# Reversing first k elements Queue ### Problem Statement:

Given a queue, we have to reverse the first k elements which are present in it.

### What is Queue?

A Queue is a linear data structure. Queue follows the FIFO rule i.e. First in First out. In other words we can say the element that goes in first is the element that comes out first.
For Example A ticket Queue outside a cinema hall where the person enters the queue first will get the ticket first. ### Basic Operations of Queue:

• Enqueue: This operation is used to Insert an element at the end of the queue.
• Dequeue: This operation is used to remove and return an element from the front of the queue.
• isEmpty(): This operation is used to check whether the queue is empty or not.
• isFull(): This operation is used to check whether the queue is full or not.
• Peek(): This operation is used to get the value of the element from the front of the queue.

Example for reversing the first k elements of the queue:
Input: Q = [5, 10, 15, 20, 25]
K = 3
Output: [15, 10, 5, 20, 25]

### How to reverse the first k elements of the queue?

For reversing the first k elements of the queue, we will use an auxiliary stack for it.

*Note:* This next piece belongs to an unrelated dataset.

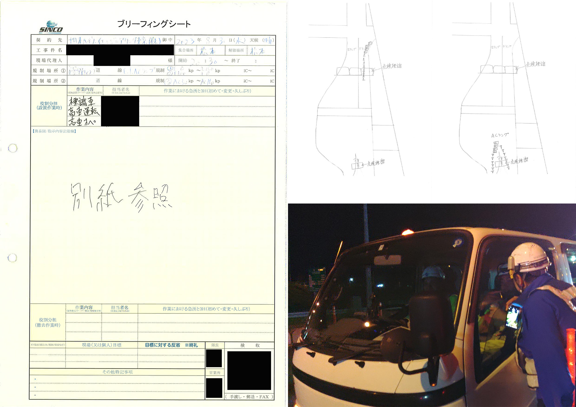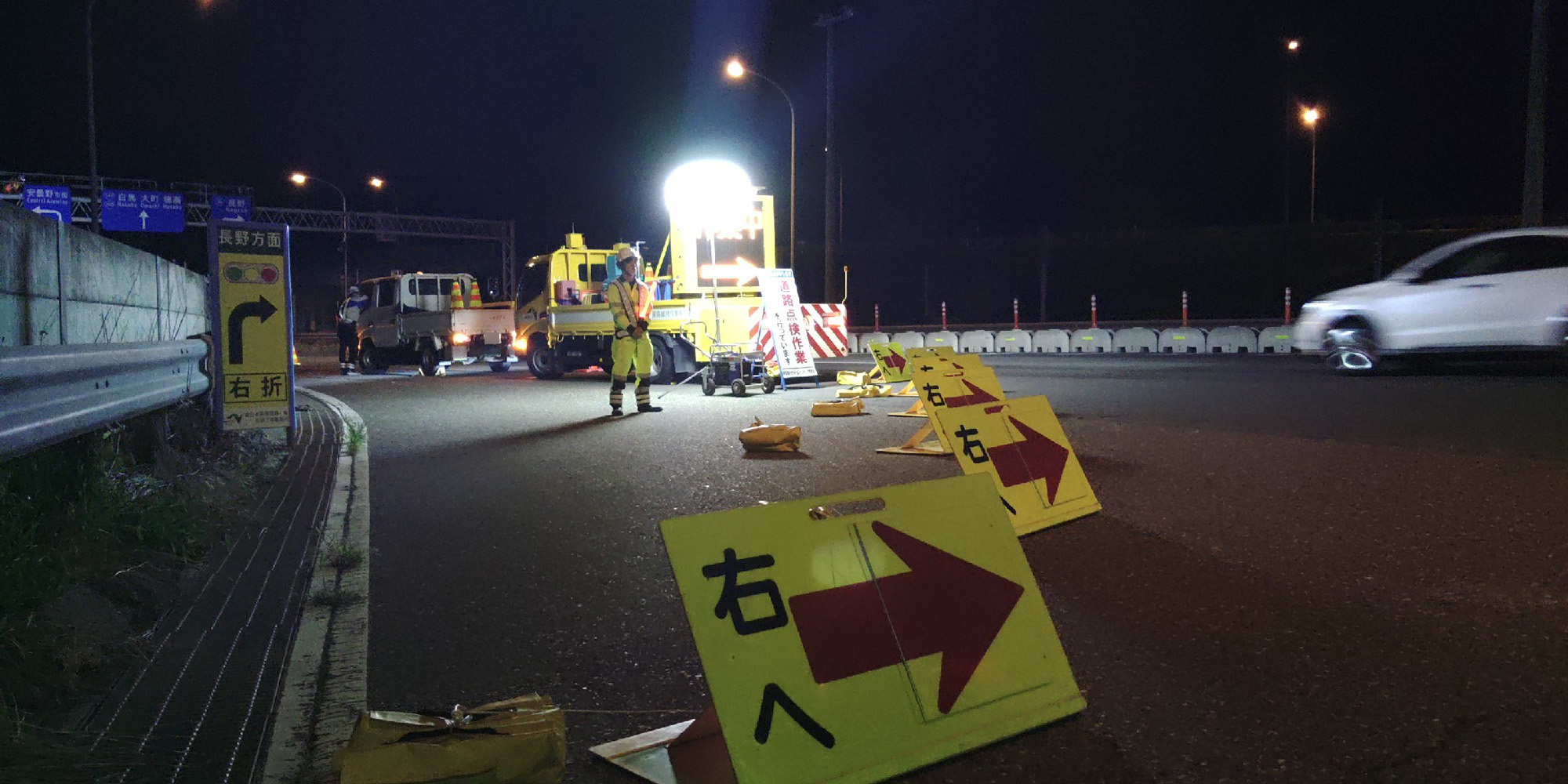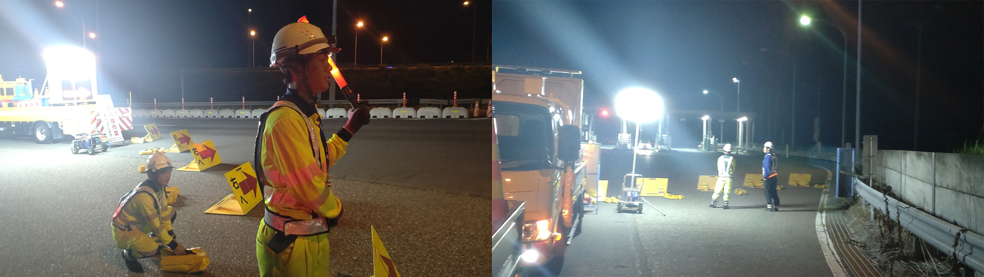 ※指導事項 ・夜間作業ですが湿度が高いです水分補給、塩分タブレットを活用し体調管理をお願いします。 ・保安中や規制撤去前にお互いの顔色チェック、体調確認を行い、 体調不良者がいた場合はすぐに連絡する事。

Firstly, we will start a for loop for k number of times. In the loop, remove the first element from the queue and push it in the stack. After pushing k elements in the stack, now pop the top element from the stack and enqueue that element in the queue on the rear end. After insertion of k elements in the queue, now start a for loop for n – k times, and in that loop dequeue the element from the front and and then enqueue that element back in the queue from the rear end. After all, the final queue will be our result.

### Algorithm:

1. Create an empty stack.
2. Dequeue the k elements from the queue and push the dequeued element into the stack.
3. Now, pop the top element from the stack and enqueue it in the queue on the rear end.
4. Atlast, dequeue (n – k) elements from the front end of the queue and enqueue them back on the rear end.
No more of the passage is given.